The project leader of Climate Futures for Tasmania, Professor Nathan Bindoff of the ACE CRC, said information from the project would assist planning in areas such as emergency management, local government planning, infrastructure planning and food production.
“This project was certainly a leader in Australia and was one of the first of its kind internationally because its projections were so localised. We now have dozens of spin-off projects that are using either the data we produced for Tasmania or this methodology in other geographical areas,” he said.
“One of the hallmarks of its success was the researchers’ engagement from the beginning with the people in government and industry who are now using the information generated by the project in the decisions they are making. These end users told us what they needed to know and helped to inform the direction of the research as the project progressed.”

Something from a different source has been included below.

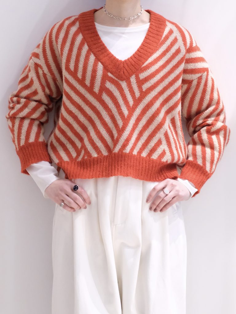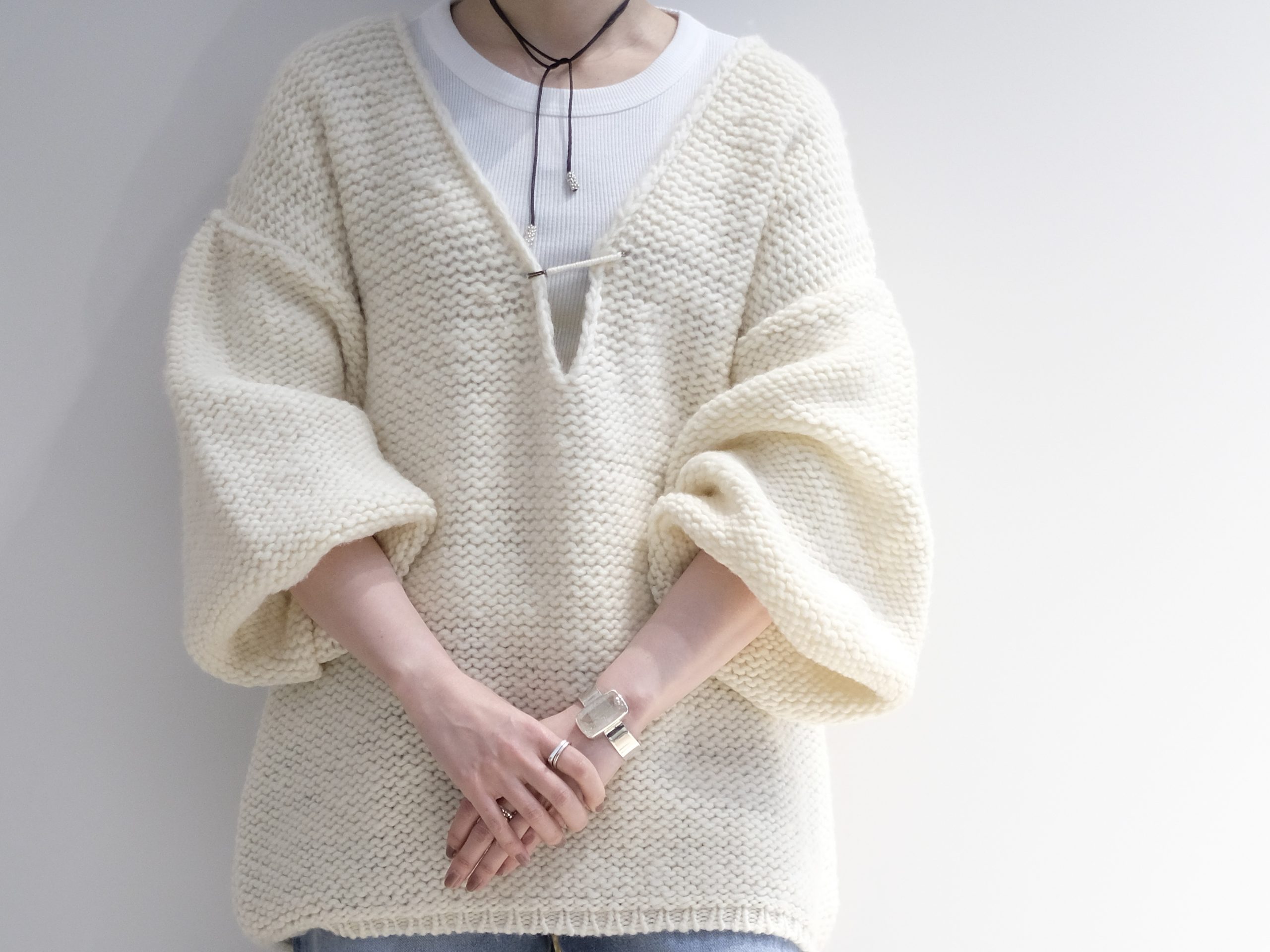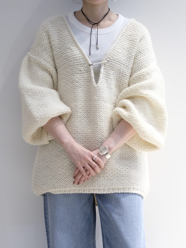 ざっくりとしたボリューム袖とVネックの抜け感が魅力のニット。

Data from the project is now being made available to many sectors of the community including state and local government, emergency services, water authorities, power companies, farmers, graziers, fruit growers, vignerons and researchers.
The Climate Futures for Tasmania project was funded primarily by the State Government, the Australian Government’s Commonwealth Environment Research Facilities Program, the Natural Disaster Mitigation Program and Hydro Tasmania.
Scientific leadership and contributions were made from a consortium of organisations including the ACE CRC, Tasmanian Department of Primary Industries, Parks, Water and Environment, Tasmanian State Emergency Service, Entura, Geoscience Australia, Bureau of Meteorology, CSIRO, Tasmanian Partnership for Advanced Computing, Tasmanian Institute of Agriculture and the University of Tasmania.